Forum Topics SGI SGI Force Acquisition

Pinned straw:

Added a month ago

I just want to give a huge thanks to @mikebrisy, @Tom73 and @Strawman for your recent thoughts on Stealth's acquisition.

Sorry for going quiet on Strawman in the last year. After selling my tech/consulting business early 2023 I'm working through my earn out period. It's all gone pretty smoothly. But now that I'm "working for the man" I have a lot less flexibility with my workload during the week. I'll be back (said with an Arnie accent).

My quick take on Stealth's acquisition aligns with comments here on SM. My concerns: uncertainty about strategic fit (and Mike calling Stealth a "diversified conglomerate" didn't help); slow organic FY24 growth well below 10% expectations set by Mike; delay in the start of the additional $60m from bulk distribution model; continued glacial progress on profitability.

The positives: I can see how 1 + 1 might be a bit more than 2; all profitability and efficiency metrics continue to move in the right direction; only a small $ increase in NPAT is needed for PE to plummet; a modest dividend is on the way (I personally don't need the dividend, but it could be a catalyst for widening the shareholder pool).

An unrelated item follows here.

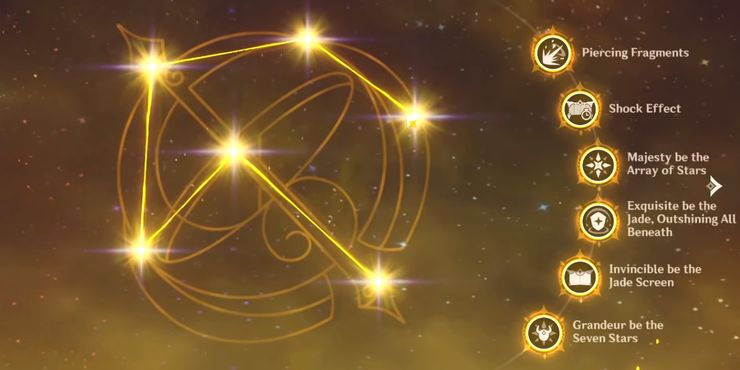 La primera constelación disponible para Ningguang es Piercing Fragments, que otorga daño de área de efecto (AoE) con sus ataques a distancia normales. Aunque esto puede ser útil cuando luchas contra grupos de turbas enemigas menores, los ataques normales de Ningguang no son el uso más efectivo en su equipo. Aún así, Piercing Fragments es una opción confiable, especialmente cuando los jugadores tienen Stella Fortuna adicional. Por otro lado, la próxima Constelación en línea es una de las mejores opciones para actualizar a Ningguang.

I'm largely on track with @mikebrisy's valuation, although I'd use a more conservative discount rate of 20% given microcap status and current razor thin margin. Still, that puts a valuation somewhere around $0.30+ using a very conservative discount rate. Like everyone else, before I draw too many conclusions I'll wait a couple of months for FY24 report.

mikebrisy
a month ago

@DrPete Welcome back. I know what you mean about the demands of a day job. I've just finished a couple of weeks work away from investing, and found it a challenge to keep up with everything. Hence, spending a little weekend time catching up.

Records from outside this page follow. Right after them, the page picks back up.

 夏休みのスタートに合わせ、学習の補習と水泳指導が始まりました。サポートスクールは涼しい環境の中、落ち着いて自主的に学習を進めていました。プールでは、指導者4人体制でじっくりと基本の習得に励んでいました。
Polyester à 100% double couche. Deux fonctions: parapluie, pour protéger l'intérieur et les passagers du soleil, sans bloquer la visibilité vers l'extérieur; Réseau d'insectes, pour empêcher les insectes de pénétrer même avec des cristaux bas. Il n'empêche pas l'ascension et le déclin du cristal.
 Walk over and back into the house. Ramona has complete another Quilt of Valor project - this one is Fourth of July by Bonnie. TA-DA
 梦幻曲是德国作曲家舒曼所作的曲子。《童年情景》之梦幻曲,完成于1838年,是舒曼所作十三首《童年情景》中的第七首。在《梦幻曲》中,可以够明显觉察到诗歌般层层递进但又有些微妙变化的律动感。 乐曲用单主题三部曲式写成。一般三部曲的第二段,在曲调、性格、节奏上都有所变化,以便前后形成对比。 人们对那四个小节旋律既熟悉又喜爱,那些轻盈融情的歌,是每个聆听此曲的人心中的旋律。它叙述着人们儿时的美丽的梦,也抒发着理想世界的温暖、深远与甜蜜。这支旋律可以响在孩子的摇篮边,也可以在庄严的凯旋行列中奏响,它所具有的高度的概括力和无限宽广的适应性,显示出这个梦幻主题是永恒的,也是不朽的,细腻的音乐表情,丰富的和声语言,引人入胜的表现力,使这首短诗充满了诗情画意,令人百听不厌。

I do see the lack of net organic growth as a potential area of concern. I don't know why the $60m organic opportunity is still in the "to do" list. If they don't start marking progress on it soon, It will lose credibility, as it is the kind of thing they can and should be getting after. Mike will need to explain why, if it is still in the "to do" bucket at the FY, even though it is not in my numbers for FY24. For now, I've accepted Mike's explanation that they've let more low margin business go to focus on profit growth which offsets the higher margin organic growth, and that's why I used the term "Net organic growth" (this makes sense looking at all the numbers).

I was also irked by the "conglomerate" term, but I put this down to Mike's lack of broader awareness of the investment world. Another example was the cringeworthy reference to Macquarie upgrading JBHiFI to a "buy" as evidence of the strength of $JBH as a customer. It hinted to me a rushed presentation preparation as in "oh, here's a broker note on one of my customers, so I can use that to tell my investors how good my customers are."

But I'm not too worried about this, as he is a 10% owner of $SGI and has articulated enough of his strategic framework for me to be confident her won't do something dumb and that he has capital discipline.

On discounting, I tend not to use higher discount rates to capture risk (albeit I will for more speculative investments, so I'm not 100% consistent). My method is to discount at the WACC, and explicitly use scenarios to show risk-reward. For $SGI I didn't do a DCF, but just looked at the FY26 eps and discounted that back at the WACC of 10% (their relatively high net debt helps bring down the higher cost of equity of 11%-12%).

So my valuation was a "Bull" Case, and I think you are right that something more around $0.30 reflects the question mark we should all have on organic growth.